Used 2 AWG primary wire for the starter, alternator and interconnections. I may rework the short wires between the batteries to use 1 AWG since I'm probably going to use that for the winch. Not that I intend to routinely parallel the batteries for winching, but just have a thing about uniformity. The starter and alternator don't need to be any larger. I'd use 1/0 AWG but it was just too heavy for the short positive leads. Any heavier than 1 or 2 AWG I think will require bending bus bar copper instead. There's only about 3 or 4 inches of cable between the crimps so it's got to be aligned and just the right length.
FWIW the rule of thumb is a battery cable less than 7 inches doesn't need a fuse. This is based on marine ABYC and Coast Guard guidelines, so for automobiles it's more about best practices than anything.

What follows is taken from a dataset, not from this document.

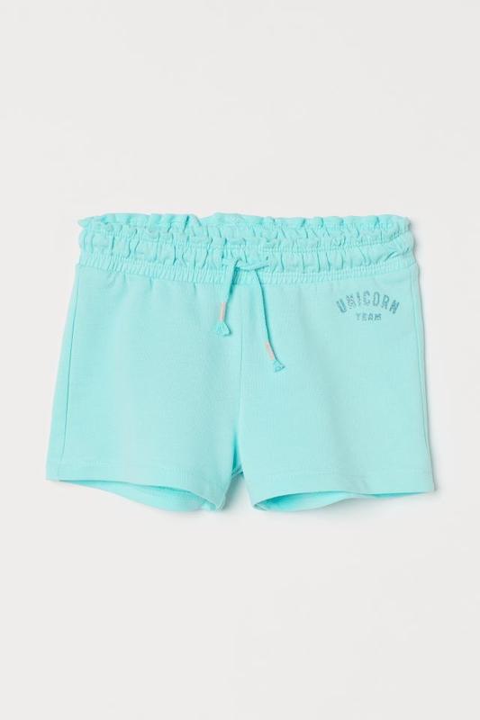 Классные яркие шортики H&M Отличное качество по отличной цене! Шорты из легкого футера с закрытой резинкой и кулиской на талии. Хлопок в составе шортов - органический. Состав: Хлопок 100%. Цвет: бирюзовый/unicorn. Размеры в наличии: 110, 116, 122, 128, 140. Цена окончательная!

I didn't fuse anything that wasn't fused before from the factory, although I do plan to rework to add a twin fuse holder for the starter and winch when that wiring is done. I flip back and forth between thinking fuses are necessary and not, weighing safety vs. nuisance. Cutting a winch cable is bad but so would having a fuse open mid pull. Not worried on paper, a 300A fuse is going to let the windings in a winch motor melt before opening. I worry about corrosion and aging. Although I'm becoming more comfortable with those MRBF types, they seem to be holding up well. Guess I shouldn't be surprised being designed for saltwater marine use.
Bunch of technical stuff, ignore if you wish.
I prefer to rate 2 AWG for 170 A continuous (based on 30°C temp rise) and for safety I feel even a
300A MRBF is fine, which is rated at 200% for 60 seconds. Using welding cable with EPDM (rubber) insulation with max temperature of 150°C, 2 AWG will just reach 150°C at 616 amps for 60 seconds. A 2 AWG can hold a short circuit current (generally assumed to be 10 seconds) of 1,339 amps and a 300A MRBF will open well below this current, 350% or 1,050 amps, in a maximum of 1 second. None of this assumes any cooling (except for the continuous). Still, I prefer a max of 225A MRBF for 2 AWG to give a margin, so a 200A breaker is probably a good choice. For example, a
Cooper 187 series will open at 200% between 10 and 40 seconds, 300% between 5 and 12 seconds.